### RECORDED INFORMATION:
------------------------------------
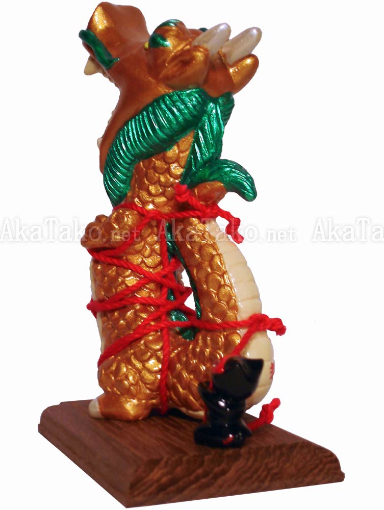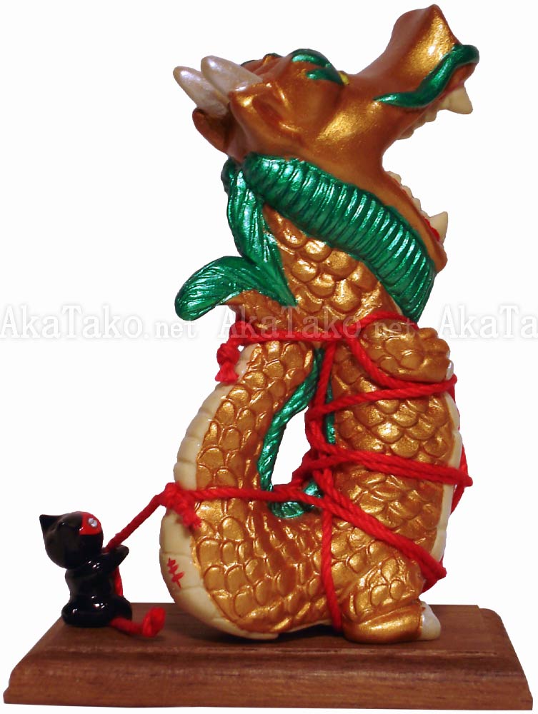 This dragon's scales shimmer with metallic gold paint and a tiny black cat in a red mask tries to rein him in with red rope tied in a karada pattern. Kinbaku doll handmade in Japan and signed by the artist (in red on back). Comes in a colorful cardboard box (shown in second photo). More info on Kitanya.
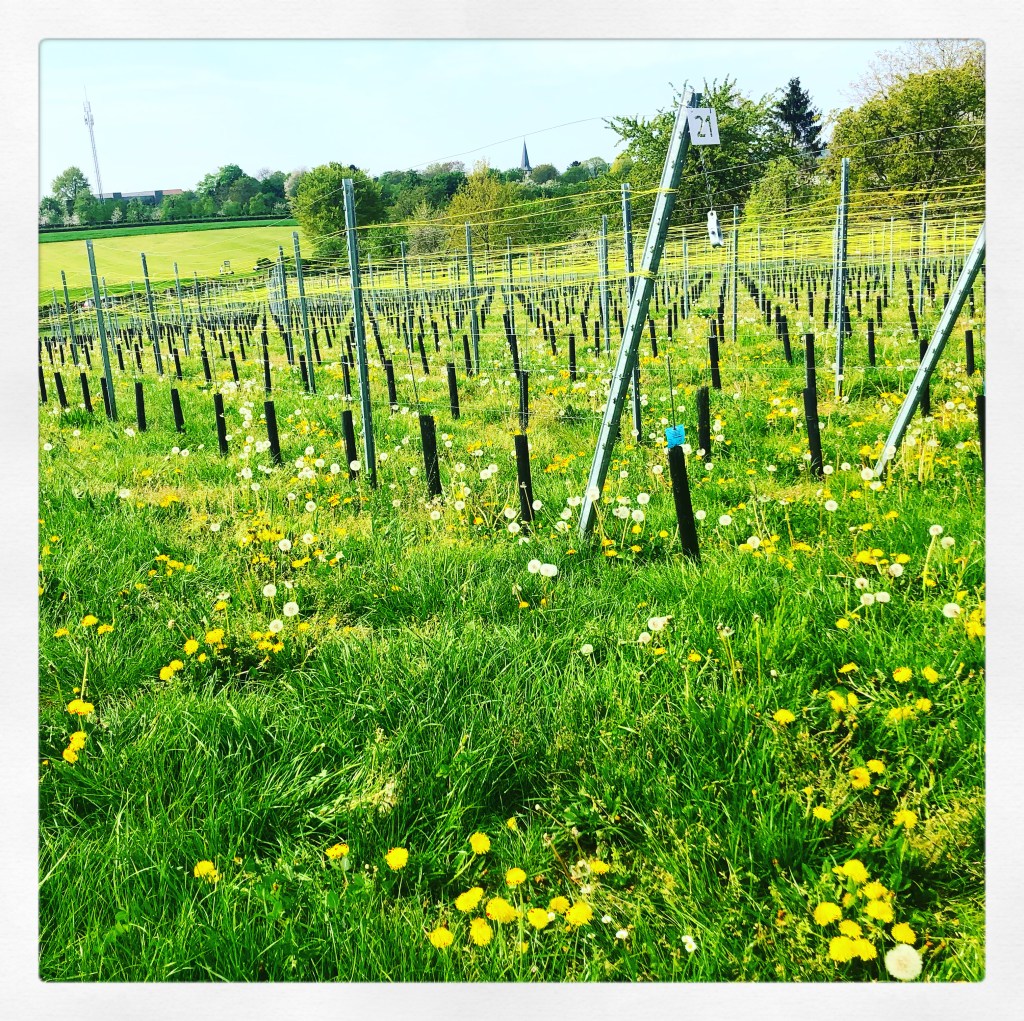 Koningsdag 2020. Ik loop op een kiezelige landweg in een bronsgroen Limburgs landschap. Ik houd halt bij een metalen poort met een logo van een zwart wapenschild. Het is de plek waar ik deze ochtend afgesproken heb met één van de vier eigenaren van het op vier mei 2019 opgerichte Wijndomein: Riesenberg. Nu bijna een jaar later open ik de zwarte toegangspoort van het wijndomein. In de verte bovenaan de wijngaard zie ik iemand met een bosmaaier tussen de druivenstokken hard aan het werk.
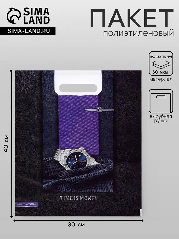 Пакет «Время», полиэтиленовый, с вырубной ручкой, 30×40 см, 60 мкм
------------------------------------
### EXERCISE OBJECTIVE:
When you write out the material, reproduce each line exactly and omit any picture it holds.

### RESPONSE:
 This dragon's scales shimmer with metallic gold paint and a tiny black cat in a red mask tries to rein him in with red rope tied in a karada pattern. Kinbaku doll handmade in Japan and signed by the artist (in red on back). Comes in a colorful cardboard box (shown in second photo). More info on Kitanya.
 Koningsdag 2020. Ik loop op een kiezelige landweg in een bronsgroen Limburgs landschap. Ik houd halt bij een metalen poort met een logo van een zwart wapenschild. Het is de plek waar ik deze ochtend afgesproken heb met één van de vier eigenaren van het op vier mei 2019 opgerichte Wijndomein: Riesenberg. Nu bijna een jaar later open ik de zwarte toegangspoort van het wijndomein. In de verte bovenaan de wijngaard zie ik iemand met een bosmaaier tussen de druivenstokken hard aan het werk.
 Пакет «Время», полиэтиленовый, с вырубной ручкой, 30×40 см, 60 мкм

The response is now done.